Task:
What is needed is an exact transcription of every entry below, with the pictures left out.

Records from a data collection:
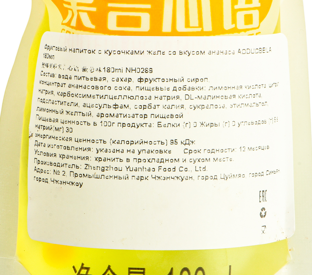 Фруктовый напиток с кусочками желе со вкусом ананаса.
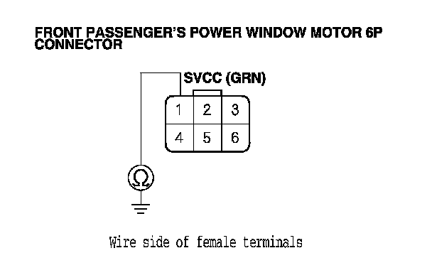 16. Check for continuity between front passenger's power window motor 6P connector terminal No. 1 and body ground.
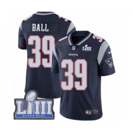 >Youth Nike New England Patriots #39 Montee Ball Navy Blue Team Color Vapor Untouchable Limited Player Super Bowl LIII Bound NFL Jersey
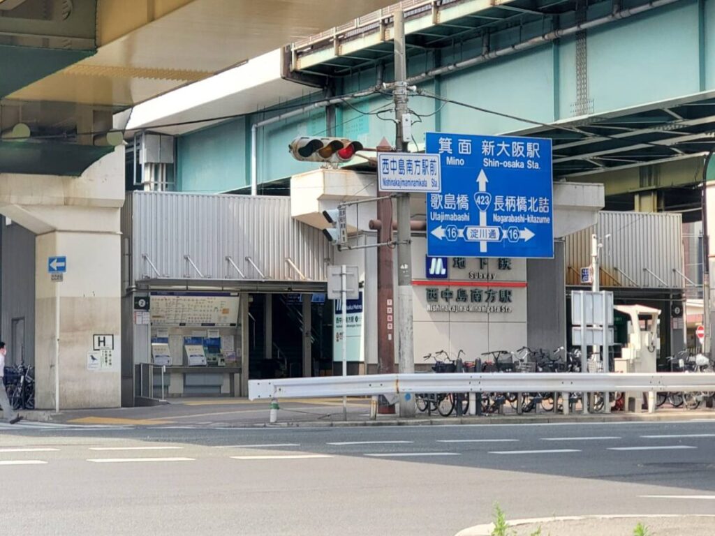 駅から南(新御堂筋の高架下・淀川方向)に向かって歩いていきます。
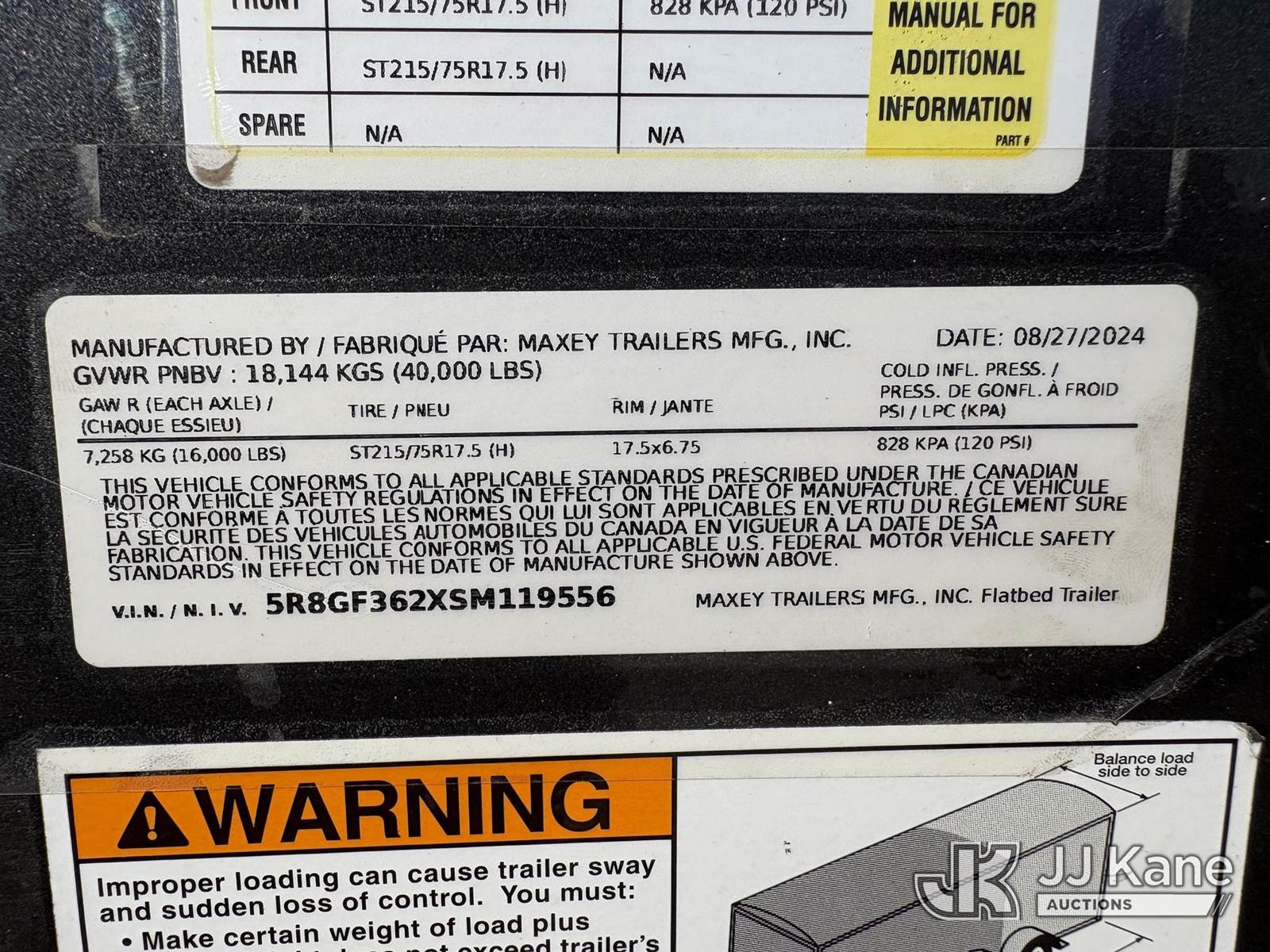 2025 Maxey T/A Gooseneck Equipment trailer, with 31 foot flat deck, 5 foot dove tail with fold down ramps., This is a Titled Item NOTE: This unit is being sold AS IS/WHERE IS via Timed Auction and is located in Hawk Point, MO. Inspection & preview days for this unit are the 2 business days prior to the first day of items closing for this auction, item is located at 25 State Highway A Hawk Point, MO 63349 and hours of operations are 8a-4p. For pre-sale questions, please contact Adam Stanek at (636) 295-1594. (Buyer is responsible for removal. Assistance by consignor or JJ Kane Auctions is not assured.)
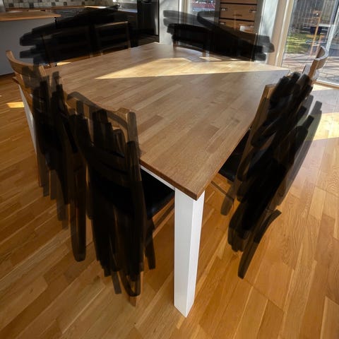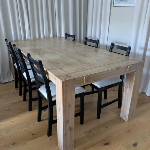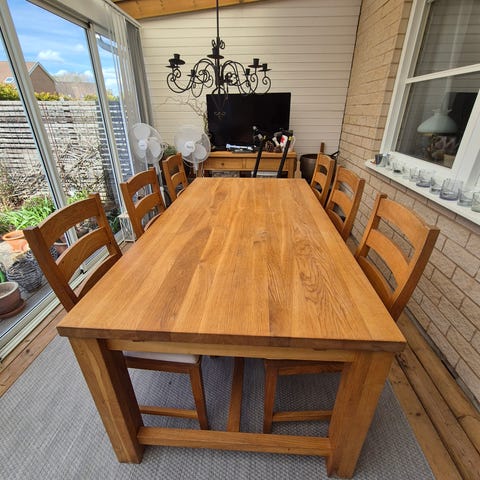 Säljer ett rejält och stilrent matbord i trä tillsammans med 6 bekväma stolar från Englesson. Perfekt för stora middagar och familjesammankomster.
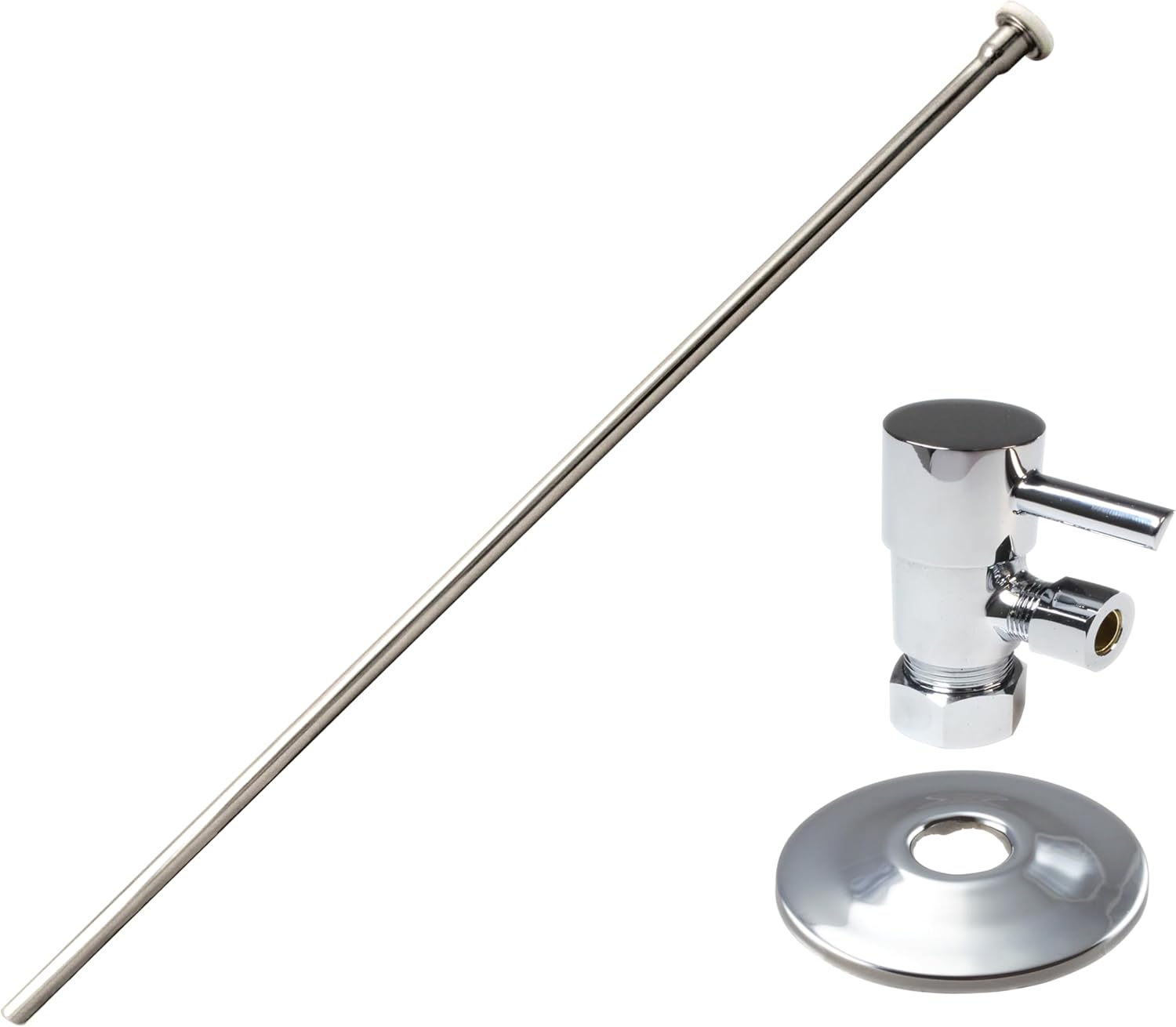 The Westbrass 5/8 in. compression (1/2 in. nominal copper pipe) inlet x 3/8 in OD outlet valve and mathching sure-grip escutcheon, combines with a 3/8 x 20 in. annealed copper toilet supply riser to make it easy to outfit your toilet. The kit includes everything required to supply water to your water closet, including an attractive modern lever handle angle stop, flange and flat head riser. Available in a variety of stylish finishes, this item is sure to complement your existing fixtures. Be sure to check out our other model styles and VISIT OUR WESTBRASS STOREFRONT for more Kitchen and Bath items to stylize your home with convenient functionality and beauty.

Exercise output:
 Фруктовый напиток с кусочками желе со вкусом ананаса.
 16. Check for continuity between front passenger's power window motor 6P connector terminal No. 1 and body ground.
 >Youth Nike New England Patriots #39 Montee Ball Navy Blue Team Color Vapor Untouchable Limited Player Super Bowl LIII Bound NFL Jersey
 駅から南(新御堂筋の高架下・淀川方向)に向かって歩いていきます。
 2025 Maxey T/A Gooseneck Equipment trailer, with 31 foot flat deck, 5 foot dove tail with fold down ramps., This is a Titled Item NOTE: This unit is being sold AS IS/WHERE IS via Timed Auction and is located in Hawk Point, MO. Inspection & preview days for this unit are the 2 business days prior to the first day of items closing for this auction, item is located at 25 State Highway A Hawk Point, MO 63349 and hours of operations are 8a-4p. For pre-sale questions, please contact Adam Stanek at (636) 295-1594. (Buyer is responsible for removal. Assistance by consignor or JJ Kane Auctions is not assured.)
 Säljer ett rejält och stilrent matbord i trä tillsammans med 6 bekväma stolar från Englesson. Perfekt för stora middagar och familjesammankomster.
 The Westbrass 5/8 in. compression (1/2 in. nominal copper pipe) inlet x 3/8 in OD outlet valve and mathching sure-grip escutcheon, combines with a 3/8 x 20 in. annealed copper toilet supply riser to make it easy to outfit your toilet. The kit includes everything required to supply water to your water closet, including an attractive modern lever handle angle stop, flange and flat head riser. Available in a variety of stylish finishes, this item is sure to complement your existing fixtures. Be sure to check out our other model styles and VISIT OUR WESTBRASS STOREFRONT for more Kitchen and Bath items to stylize your home with convenient functionality and beauty.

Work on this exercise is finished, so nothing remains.